JP2000165338A - Ofdm receiver - Google Patents

Abstract

PROBLEM TO BE SOLVED: To provide an OFDM demodulator where establishment of accurate symbol synchronization is attained regardless of presence of a multipath so as to enhance the reception performance. SOLUTION: A delay circuit 109 and a subtractor circuit 110 are provided between am amplitude detection circuit 108 and a maximum value timing detection circuit 111. Then the subtractor circuit 110 obtains a difference between a correlation amplitude output outputted from the amplitude detection circuit 108 and an output resulting from delaying the correlation amplitude output delayed by a guard period at the delay circuit 109, and a peak value of an output waveform of the subtractor circuit 110 is detected to detect a symbol synchronization timing.

Description

DETAILED DESCRIPTION OF THE INVENTION

[0001]

The present invention relates to an orthogonal frequency division multiplex (OFDM).
ex) OF for receiving and demodulating a signal modulated by a modulation method
It relates to a DM receiver.

[0002]

2. Description of the Related Art In recent years, digital modulation systems have been actively developed for transmitting high quality signals such as audio and video. In particular, in terrestrial digital broadcasting, an OFDM modulation scheme that has various advantages such as high frequency use efficiency has attracted attention.

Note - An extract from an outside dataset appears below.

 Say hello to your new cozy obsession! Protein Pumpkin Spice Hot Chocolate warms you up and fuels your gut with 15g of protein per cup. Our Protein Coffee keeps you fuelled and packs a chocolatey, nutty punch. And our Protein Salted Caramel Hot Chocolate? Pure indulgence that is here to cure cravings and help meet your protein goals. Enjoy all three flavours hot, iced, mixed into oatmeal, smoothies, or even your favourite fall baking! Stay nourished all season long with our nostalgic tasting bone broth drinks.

In the OFDM system, a guard period is added to each symbol before an effective symbol period in order to prevent intersymbol interference due to multipath interference. The signal included in the guard period is a signal obtained by cyclically copying (copying) the signal at the rear end of the effective symbol for the guard period as shown in FIG.

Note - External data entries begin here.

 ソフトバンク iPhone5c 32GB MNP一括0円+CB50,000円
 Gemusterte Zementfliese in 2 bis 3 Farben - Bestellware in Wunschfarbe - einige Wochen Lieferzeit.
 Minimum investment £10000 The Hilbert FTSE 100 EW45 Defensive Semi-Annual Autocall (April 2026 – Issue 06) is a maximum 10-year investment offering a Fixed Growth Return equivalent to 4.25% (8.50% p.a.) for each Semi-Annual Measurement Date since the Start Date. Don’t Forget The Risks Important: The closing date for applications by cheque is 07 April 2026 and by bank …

[0004] In the OFDM receiver, symbol synchronization detection is performed by using the correlation of the guard period to obtain a fast Fourier transform (FFT) window timing and a timing signal of a demodulation circuit. That is, when a correlation between the received signal and a signal obtained by delaying the received signal by the effective symbol period is obtained, the maximum amplitude appears at the reception timing of the guard period. Then, the symbol synchronization timing is detected based on the timing of the maximum amplitude.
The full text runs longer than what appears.